Inspired by Shakespeare’s Midsummer Night’s Dream, the RSC’s Dream is an exploration of Shakespeare’s enchanted forest, at night, by Puck and Titania’s faeries. Using gaming’s powerful Unreal Engine, Shakespeare’s forest, with its wild thyme, oxlips, violets, musk roses and eglantine, has been grown into a 7km2 virtual reality space. Into this space, actors in motion capture suits, linked to interactive music making tool Gesturement, perform live, as their character avatars.


The actors perform in a purpose built motion capture studio at Portsmouth Guildhall. There is a section in the production where the audience is allowed glimpses into how the actors are performing simultaneously against the backdrop of the virtual forest and their avatars.

Each audience member who holds an interactive ticket, is allowed to enter the virtual forest and becomes a glow worm. Using a 3D map, the audience glow worms light Puck’s path of exploration through the forest. Audience members who do not hold an interactive ticket, are able to watch the entire production for free. I have talked to a number of people who held both paid and free tickets and both have said that the experience of watching this production was magical.

The music is lush and mesmerising with three, rich layers. The first layer of music has been pre-recorded by the Philharmonia Orchestra conducted by Esa-Pekka Salonen in its last full performance before lockdown. The second layer of music/soundscape is live and is generated by the actors’ movements, picked up by their motion capture suits and fed into Gesturement. The actors’ gestures are converted to music - sometimes bells and harps – to perfectly reflect the actors’ performance and is in harmony with the pre-recorded music.

The final layer in this lush soundscape is also created by the actors’ movement and reflects the type of avatar each actor is controlling. Peaseblossom, played by Jamie Morgan, is expressed as an avatar made up of branches, leaves and flower petals – every move made by Morgan is matched by the appropriate sounds – creaking branches, swirling leaves, falling petals. Similarly, Moth, played by Durassie Kiangangu, is made of hundreds of tiny moths – every move Kiangangu makes sounds like a flutter of tiny wings.

It is easy to become dazzled by the sheer amount of cross disciplinary research and development that has gone into this production. However, another aspect of this production also deserves praise. It would have been relatively easy to create a virtual reality forest and put on a show for only those who own VR headsets. But with the level of digital inequality in the UK, laid bare by the pandemic, the RSC did not want to take this path of least resistance.
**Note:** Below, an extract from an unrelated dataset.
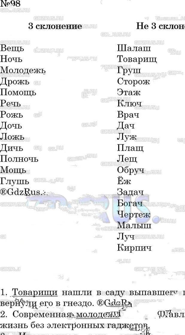 98. Выпишите в левый столбик существительные 3-го склонения, а в пра- вый — не 3-го склонения. Поставьте ь там, где он необходим. Составьте предложения с выделенными словами. b Шалаш(?), товарищ(?), (сушка), грушу, сторож(?), ключ(?), врачв?), вещо, (постройка) дач(3), ноч(ъ), (много) луж(7); плащ(?), лещ(?), молодёж(2), об- помощ(1), ёж(?), реч(7), (из-за) туч(3), рож(ы, доч(ъ, (много) задач(3), лож(3), дич(1), полноч(В), богач(?), чертёж(?), малыш(?), кирпич(?), мощ(8), луч(?), этаж(?), > глуш(5)

Rather, the RSC has created a virtual world, freely accessible to those with almost any type of device. No theatre company can cure the world’s digital inequality on its own, but the RSC has made great strides with over 20,000 people from all over the world watching the first 3 shows. Of these 20,000 people, one quarter had never been to the theatre before. There were well over 7000 people in the audience, the night I watched the performance.

This magical, enchanting and cutting edge production runs until 20 March and with free tickets, there is no reason not to go.